The money and currency of that period was all in coins and, that too, only of gold and silver. There were no copper coins and certainly no paper notes. Even the pennies were either of silver or gold. The worth of a coin was same as the value of the constituent metals.
The basic denominations of the coins were pounds, shillings and pence. According to the then system, twelve pence used to make one shilling, and, twenty shillings used to make a pound. These were constant values, and, never varied relatively to one another.
Sovereigns, Nobles, Angels, Festoons, Royals and crown were the name of the values that fluctuated due to the time-to-time minting and depended on their weight and purity.
A gold coin worth one pound was sovereign. Interestingly, there was no coin called 'pound' until 1538, though that was the basic monetary unit. An angel was the gold coin worth ten shillings. The crown was made in both gold and silver, and, it was worth five shillings. Royal is now spelled as 'rial' or 'ryal'.
Gold has always been more valuable than silver and people at that time considered monetary equivalent of gold in comparison to silver more precious. The difference in the value of same denomination of gold and silver coins was so much so that the gold coins were hoarded and silver coins were circulated in the market. Thus, a seller accepted a lower price if the payment was made in gold.
The "Money of Account" was related with book keeping. This term was related with the accountancy in those days. Until 1583, pound was a money of account.
The weight of the silver or gold present in the coin determined the value of that coin. Gold and silver were always alloyed with other metals to make coins. Fineness was the term used to determine the amount of gold or silver present in the alloy used to make the coin.

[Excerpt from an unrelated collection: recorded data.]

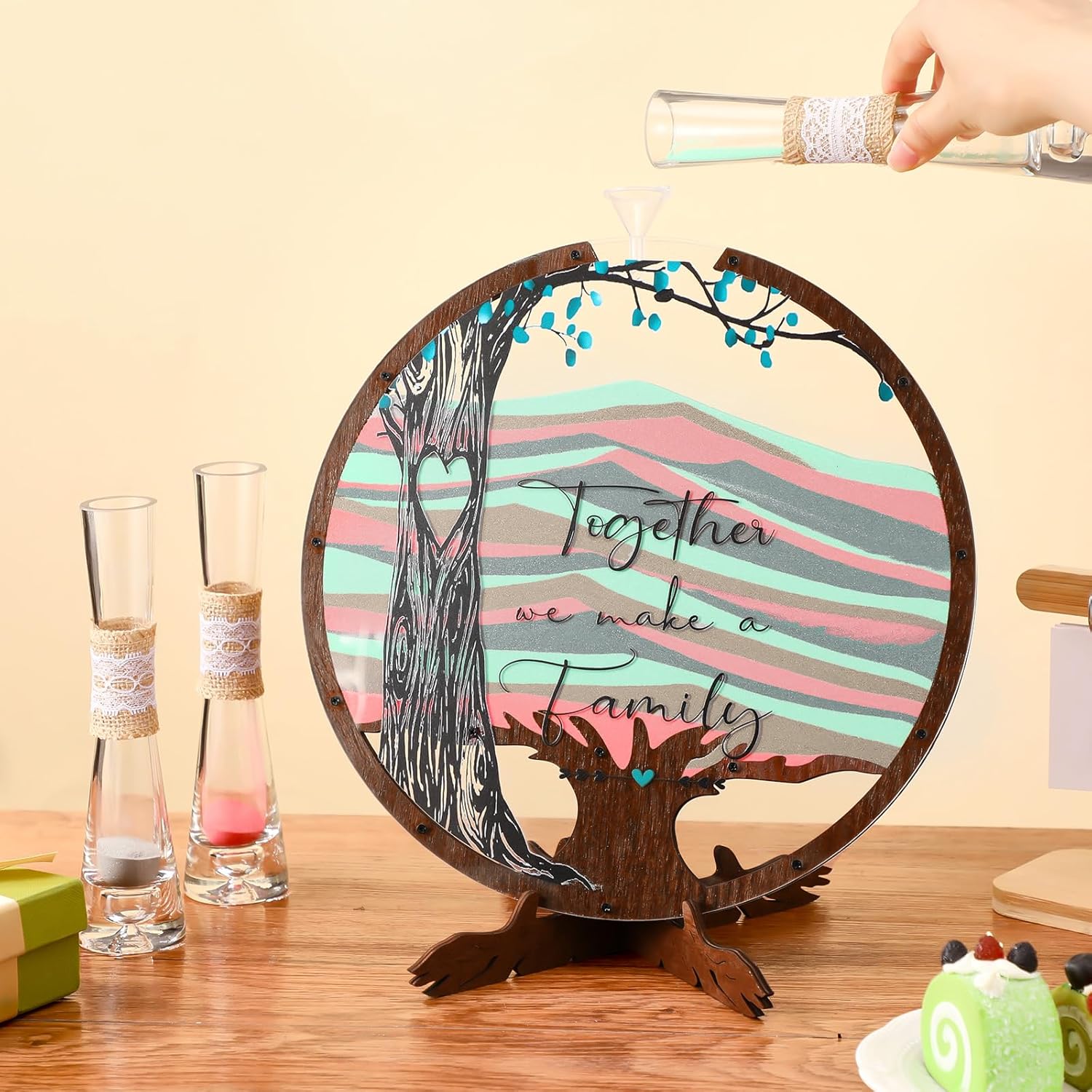 Anglechic Wedding Unity Sand Blended Family Sand Ceremony Kit Set Rustic Wedding Unity Ceremony Decorations for Bridal Shower Party Reception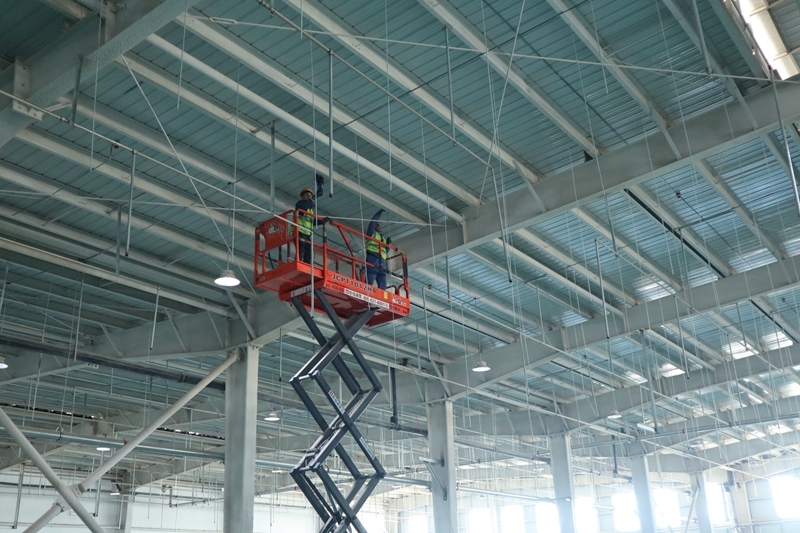 11月5日,走进位于临泽县扎尔墩工业集中区的易事特年产2GWh新型储能装备制造综合示范项目二期施工现场,自行液压剪叉式升降机在储能厂房内来回穿梭,工人正忙着制作通风管道和安装地面建筑设施,抓工期、抢进度,确保项目早落地。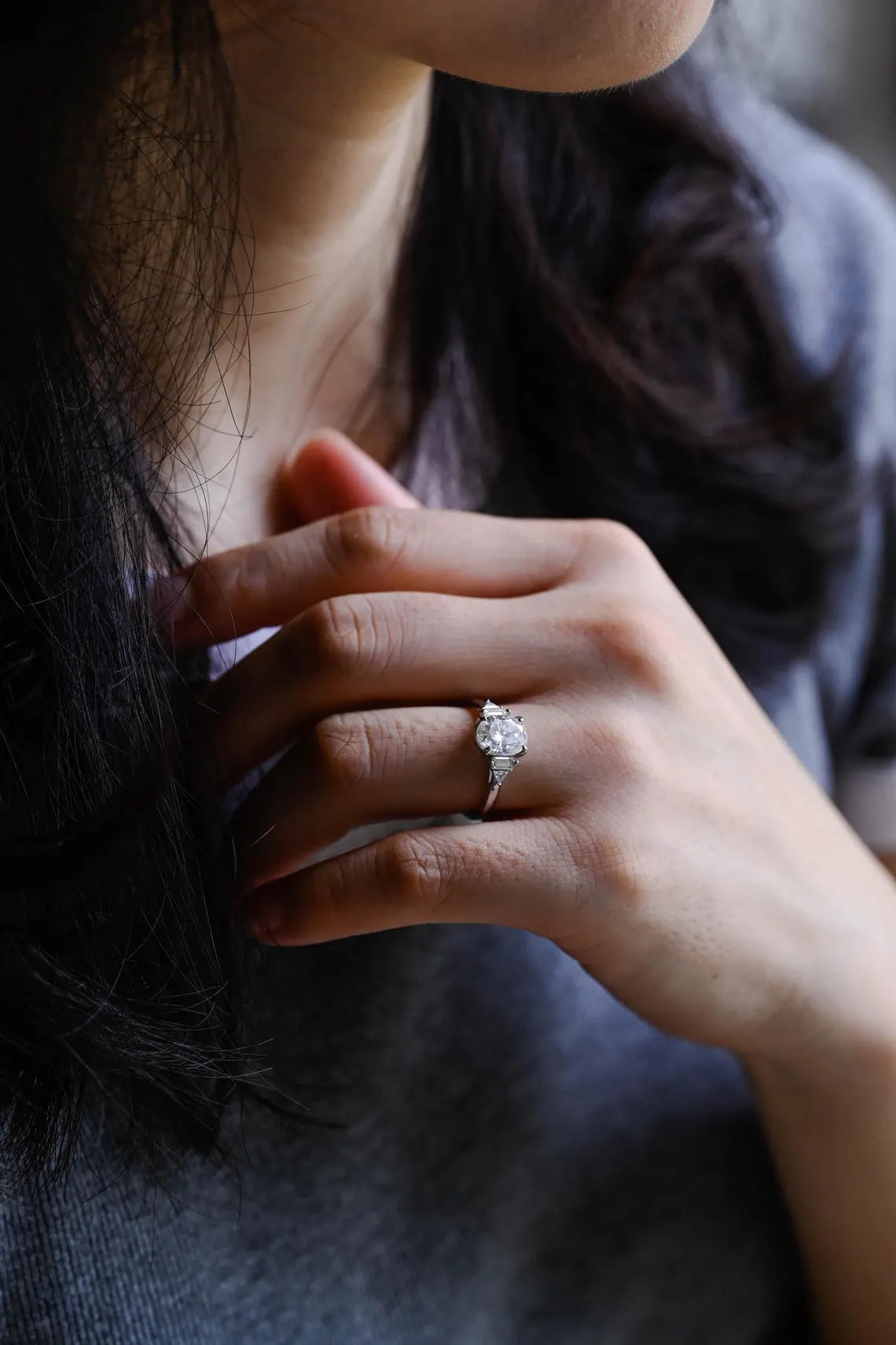 1.0 CT Oval Cut Cluster Diamond Moissanite Engagement Ring
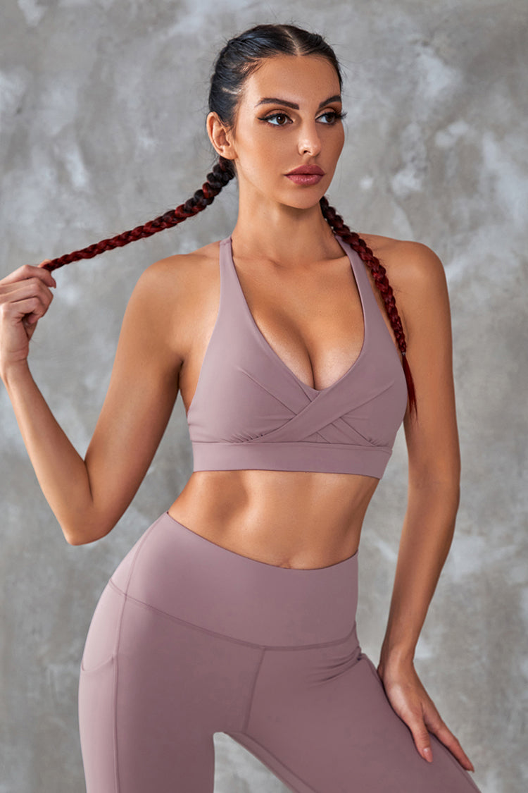 Get ready to stretch it out in style with the Gael Twist Tank Sports Bra! Lightweight and stretchy nylon, with a front twist and a back cut out, shapes this medium impact sports bras that falls from wide straps into a V-neckline and fitted design with a banded hem.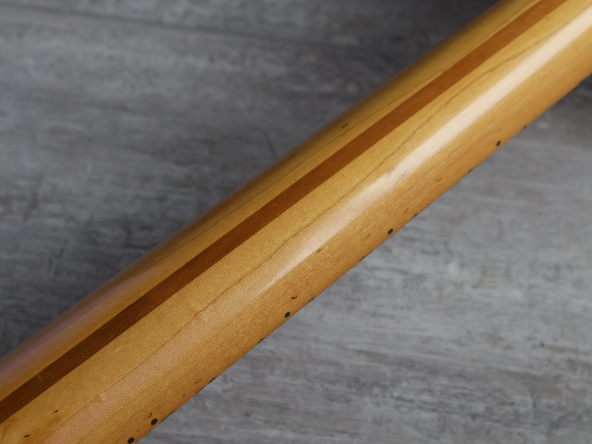 A players grade little USA made Mustang from the 1970's that provides a bunch of value for the price in the "affordable vintage" world. Nice ash body on this one wearing a transparent natural finish with a satin smooth maple neck and 22 fret rosewood fingerboard, it weighs 3.6kg's.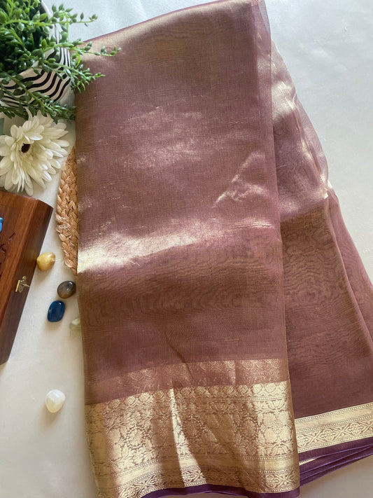 Purple Lace border Tissue Saree
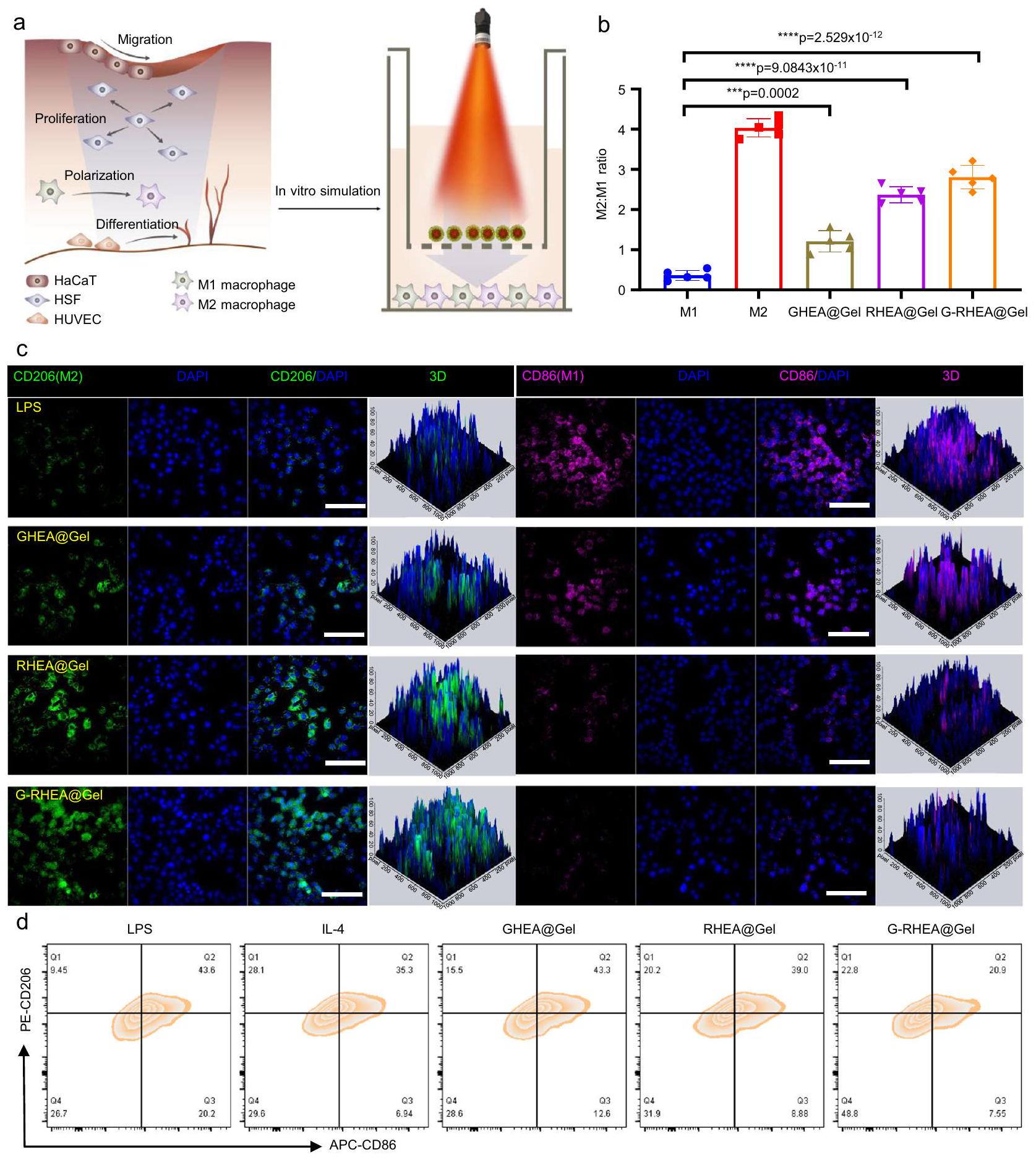 التأثير المضاد للالتهابات لـ LPS + IFN- أو IL-4 تم تقييمه في نموذج البلعميات. تم زرع البلعميات في الحجرة السفلية من لوحة ترانسويل ذات 24 بئرًا (كل بئر يحتوي على الخلايا) لمدة 12 ساعة. خلال زراعة البلعميات، LPS و إنترفيرونتمت إضافة إلى وسط الثقافة، بعد ذلك تم زراعة الخلايا لمدة 12 ساعة. بعد ذلك، تم إضافة GHEA@Gel أو RHEA@Gel أو G-RHEA@Gel إلى وسط الثقافة، وتم السماح للخلايا بالنمو. لمدة 24 ساعة. تم تثبيت البلعميات بـبارافورمالدهيد. ثم تم إجراء صبغ المناعية الفلورية وتحليل FCM لـ CD206 و CD86. خلال هذه العملية، تم حضن البلعميات معأدى IL-4 إلى تحفيز النمط الظاهري M2 كتحكم.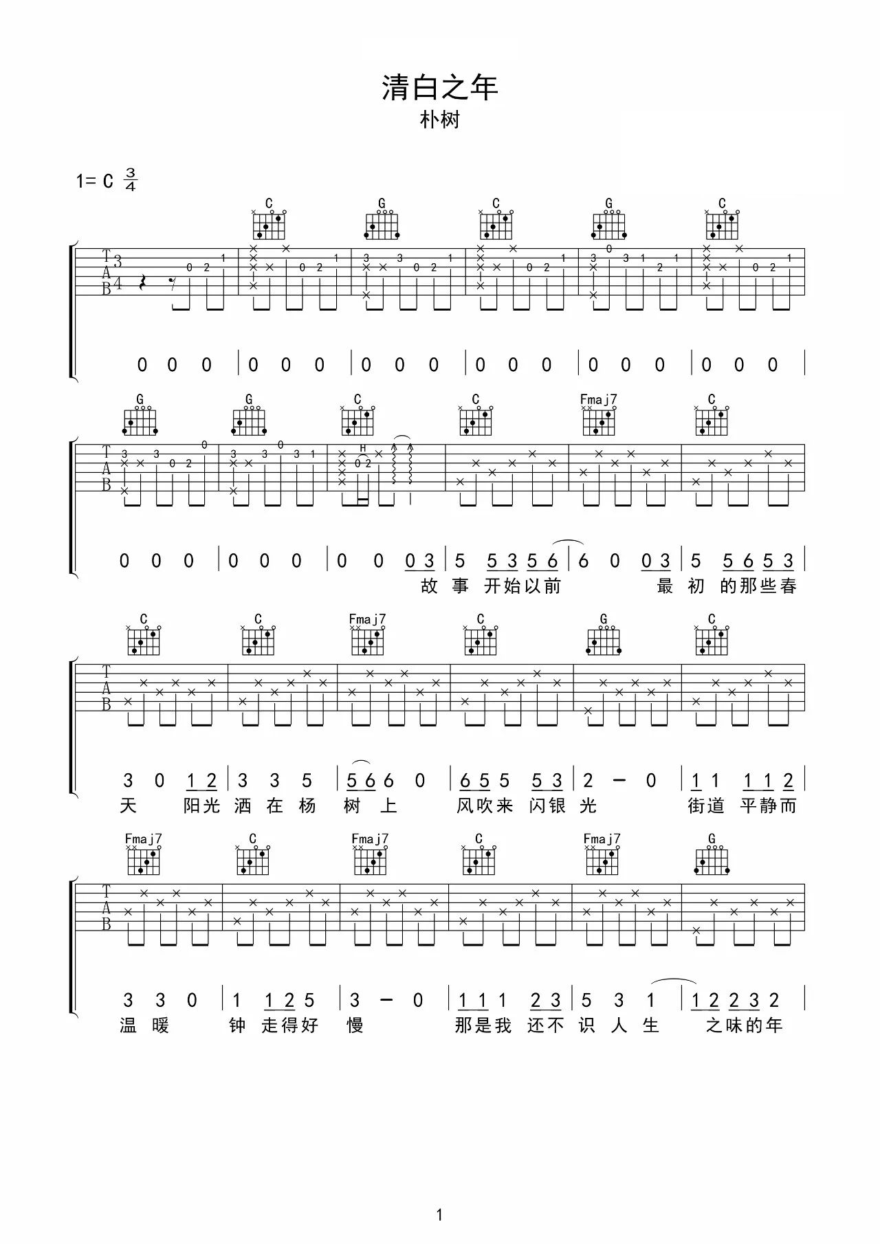 吉他谱 | 热门弹唱《清白之年》

Wages/incomes of people in those days were similar to the mechanism present in today's scenario as it was purely dependent on the job.
A lot of things could be brought in lesser money in those days; those golden days of the history of England. The names of the values of the coins suggest the richness and royal life in England. Over and above all, England was already a well-off country compared to other nations of Europe. And, currency in the form of gold and silver coins strengthens the very same fact.